Breaking down the new DPH orders

Cutting down on unnecessary ER visits

Health officials said people should not seek ER care for routine healthcare needs, including COVID-19 testing and vaccination. Emergency departments statewide are experiencing critical staff shortages and long wait times for care. The order is meant to free up ERs for patients with urgent medical issues. DPH advises people to visit their primary care providers for non-urgent medical issues.

PAs can practice independently 

Physician assistants can now practice independently — without physician supervision — as long as they work in a provider setting where PAs work together with physicians. To work independently, PAs must also be qualified and practicing within their scope of practice, experience, and training.

Moonlighting for resident flexibility

Resident physicians can now practice “internal moonlighting,” which lets them provide care outside of their specialized training program.
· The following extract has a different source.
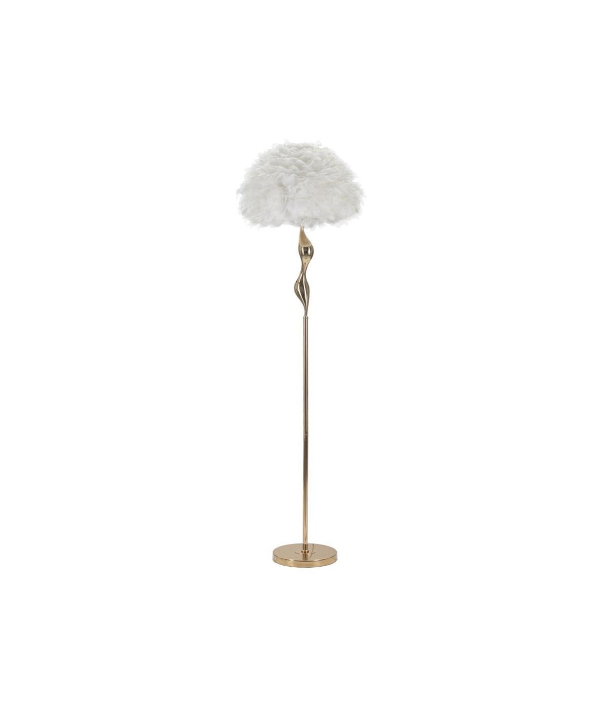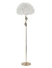 Piantana in metallo dorato con elegante decorazione morbida e sinuosa completa di paralume composto da piume.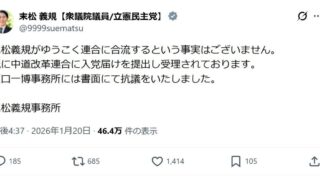 ニュー速 中革連・安住氏「立憲民主党の現職144名全員が中道改革連合の綱領・基本政策に賛同してくれました」

This order aims to relieve the burden on parts of the health care system with the highest staffing demands.

Expedited credentials and transfers

This order requires that DPH-licensed facilities speed up credentialing to move along staff transfers between and around hospitals in greatest need of help.

Out-of-hospital dialysis center staffing flexibilities

This order will let out-of-hospital dialysis providers, including hospitals with outpatient dialysis centers, relax staffing level requirements. The on-duty staff will be trained in dialysis care so they can meet the needs of patients.

Foreign-trained physician order

This order will enable expedited licensure of foreign-trained physicians by allowing those with at least two years of post-graduate training, but who do not have a Massachusetts limited license, to qualify for licensure.